Think you’re the most boisterous and biggest supporter in the congregation of the Church of Harambe? Just because you shared some dank memes of Harambe the Almighty does not make you the biggest devotee of Harambeism.
We recently unveiled our own “Hillary Did Harambe” t-shirt and we shared some other sweet shirts that pay tribute to our lord and savior Harambe. But what if you already have a Harambe shirt? How can you let the world know you miss Harambe more than anything and pay your respects to the fallen hero? I’ll tell you how, with socks, shot glasses and shower curtains. That’s how.
Show your strong political affiliation with the obvious choice for the next President of the United States.
Play out a much happier scenario of the tragic events of May 28, 2016. Make this gorilla action figure save the boy and then jump out of his habitat to take out the Cincinnati Zoo gunman that ended his noble existence.
There’s also this lowland gorilla action figure for only $8.95.

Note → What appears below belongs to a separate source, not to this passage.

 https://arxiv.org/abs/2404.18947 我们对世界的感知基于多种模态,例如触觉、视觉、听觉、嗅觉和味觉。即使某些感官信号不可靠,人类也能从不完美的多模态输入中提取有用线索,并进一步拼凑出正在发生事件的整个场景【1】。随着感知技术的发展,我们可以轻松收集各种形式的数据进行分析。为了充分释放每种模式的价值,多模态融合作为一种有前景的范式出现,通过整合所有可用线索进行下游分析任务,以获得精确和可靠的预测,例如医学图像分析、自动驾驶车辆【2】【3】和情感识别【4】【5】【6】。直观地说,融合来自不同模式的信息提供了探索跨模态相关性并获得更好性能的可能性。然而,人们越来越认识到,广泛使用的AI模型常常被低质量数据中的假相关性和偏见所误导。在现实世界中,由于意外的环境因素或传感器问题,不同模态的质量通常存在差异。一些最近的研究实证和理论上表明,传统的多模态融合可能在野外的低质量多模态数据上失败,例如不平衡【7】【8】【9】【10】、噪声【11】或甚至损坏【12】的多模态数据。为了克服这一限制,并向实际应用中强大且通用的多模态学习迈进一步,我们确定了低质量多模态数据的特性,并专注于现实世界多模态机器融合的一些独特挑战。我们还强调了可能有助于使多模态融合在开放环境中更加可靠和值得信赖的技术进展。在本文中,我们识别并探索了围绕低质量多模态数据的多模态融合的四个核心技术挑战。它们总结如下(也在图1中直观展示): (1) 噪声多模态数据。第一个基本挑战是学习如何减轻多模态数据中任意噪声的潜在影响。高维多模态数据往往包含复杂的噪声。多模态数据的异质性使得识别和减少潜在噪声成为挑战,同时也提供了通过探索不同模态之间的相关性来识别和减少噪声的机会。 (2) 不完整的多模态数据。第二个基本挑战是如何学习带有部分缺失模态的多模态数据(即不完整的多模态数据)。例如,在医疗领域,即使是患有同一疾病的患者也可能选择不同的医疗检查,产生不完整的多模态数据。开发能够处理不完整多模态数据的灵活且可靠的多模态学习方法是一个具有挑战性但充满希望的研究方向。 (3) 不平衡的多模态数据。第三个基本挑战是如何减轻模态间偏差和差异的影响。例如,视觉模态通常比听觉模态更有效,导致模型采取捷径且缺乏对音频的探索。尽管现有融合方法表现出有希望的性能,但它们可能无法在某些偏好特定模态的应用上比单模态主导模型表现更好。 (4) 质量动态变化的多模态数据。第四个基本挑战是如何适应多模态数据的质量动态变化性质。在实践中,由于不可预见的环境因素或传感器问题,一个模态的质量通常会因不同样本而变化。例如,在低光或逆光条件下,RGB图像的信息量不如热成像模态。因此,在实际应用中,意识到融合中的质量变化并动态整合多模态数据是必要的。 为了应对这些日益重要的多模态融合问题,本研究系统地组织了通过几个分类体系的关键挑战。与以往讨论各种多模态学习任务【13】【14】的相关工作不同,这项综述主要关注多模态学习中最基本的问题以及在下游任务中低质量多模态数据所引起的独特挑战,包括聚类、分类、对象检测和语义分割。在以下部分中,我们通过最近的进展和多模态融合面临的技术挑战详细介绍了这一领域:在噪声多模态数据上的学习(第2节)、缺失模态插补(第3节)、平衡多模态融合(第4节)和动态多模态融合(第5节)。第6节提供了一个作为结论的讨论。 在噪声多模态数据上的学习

There’s only 272 days, 10 hours and 41 minutes until National Harambe Day on May 28th. You’re going to need this cake mold to make Harambe Cakes to celebrate the holiday.

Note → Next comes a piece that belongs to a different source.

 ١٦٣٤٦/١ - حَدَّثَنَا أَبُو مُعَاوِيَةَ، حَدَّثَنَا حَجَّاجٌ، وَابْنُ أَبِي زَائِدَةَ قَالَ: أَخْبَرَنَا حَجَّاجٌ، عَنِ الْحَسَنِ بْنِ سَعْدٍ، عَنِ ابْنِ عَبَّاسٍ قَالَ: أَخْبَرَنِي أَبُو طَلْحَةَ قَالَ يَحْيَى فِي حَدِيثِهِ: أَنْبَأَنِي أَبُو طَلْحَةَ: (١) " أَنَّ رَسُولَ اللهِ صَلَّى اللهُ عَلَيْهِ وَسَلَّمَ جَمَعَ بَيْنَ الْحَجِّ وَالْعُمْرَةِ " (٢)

Has Harambe’s devastating death caused you to fall into a deep depression? Nothing fixes a case of the doldrums quite like drowning your sorrows in beer. This pint glass will help you drink and remember Harambe while you try to get plastered enough to forget about the pain.
Stop pouring out some liquor for your dead homie. Salute Harambe the Almighty by playing a fun drinking game in his honor. Take a shot for every shot Harambe took for you.
Show the world that you have your dick out without literally pulling your dick out.
Maybe this shower curtain will comfort you when you take your woebegone Harambe shower. Your warm, salty tear showers might stop flowing if you see an adorable gorilla staring at you when you’re in the bathroom.
This is as close as you will ever get to walking in the glorious footsteps of the legendary Harambe.